UAV - UNMANNED AERIAL VEHICLES HOME | INTRO to UAVs | UAV NEWS | UAV LINKS | UAV BOOKS | UAV MODELS | FLIGHT NEST

cover

April 17, 2004

UAV developers test Feature Recognition Software


Recognition software originally developed for the gaming industry, to automatically spot problem gamblers when they enter venues is now being tested for use in Unmanned Aerial Vehicles (UAVs). The software has been dubbed DIVOT (Digital Imagery and Video Object Tracking).

'Intrigued by the possible applications to UAV surveillance video, the UAVB conducted a test last year at Eglin using streaming video from a Pointer UAV. A captain's face was entered into the computer as a search item, and the UAV was launched.
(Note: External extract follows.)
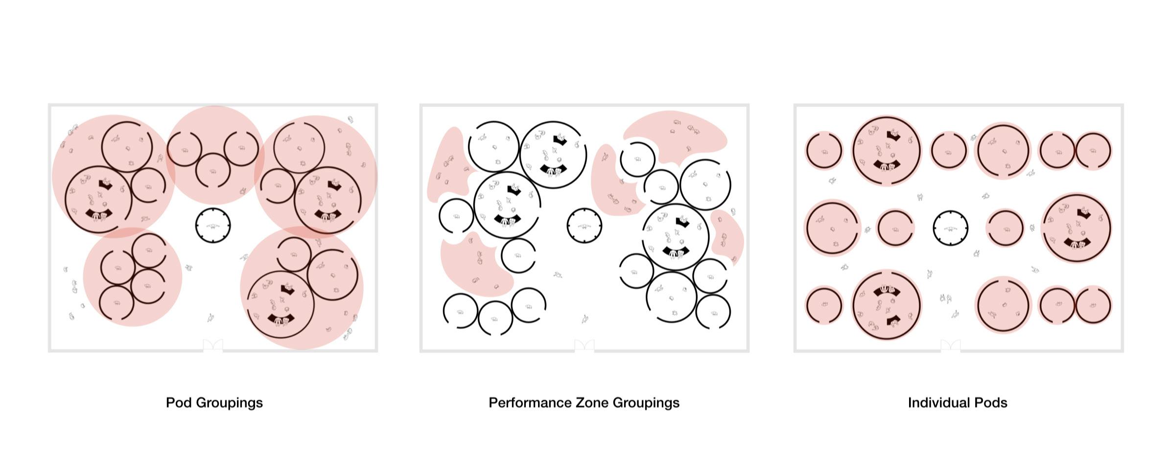 The designed set of modules can be rearranged into an array of different layouts in order to meet the needs of the desired consumer journey.

"It starts beeping on this clump of trees," Cook said. "And they had to drive the UAV about another two miles before they could get close enough [to see] there was a vehicle underneath the trees."

The captain whose face had been loaded into the computer was sitting in his truck eating lunch. "It found his face through the trees, through the windscreen, in the shadows of the trees, and we went, 'Wow, we need to explore this,'" Cook said.'

This type of software will have a myriad of applications in military operations, surveillance, border patrol, search and rescue just to name a few.

Check out this other example of it's power:

'Dubbed DIVOT (Digital Imagery and Video Object Tracking), the software later was put to work on pre-recorded video taken by a Predator UAV in Iraq. The system was provided with imagery of certain objects, then told to identify them in another video.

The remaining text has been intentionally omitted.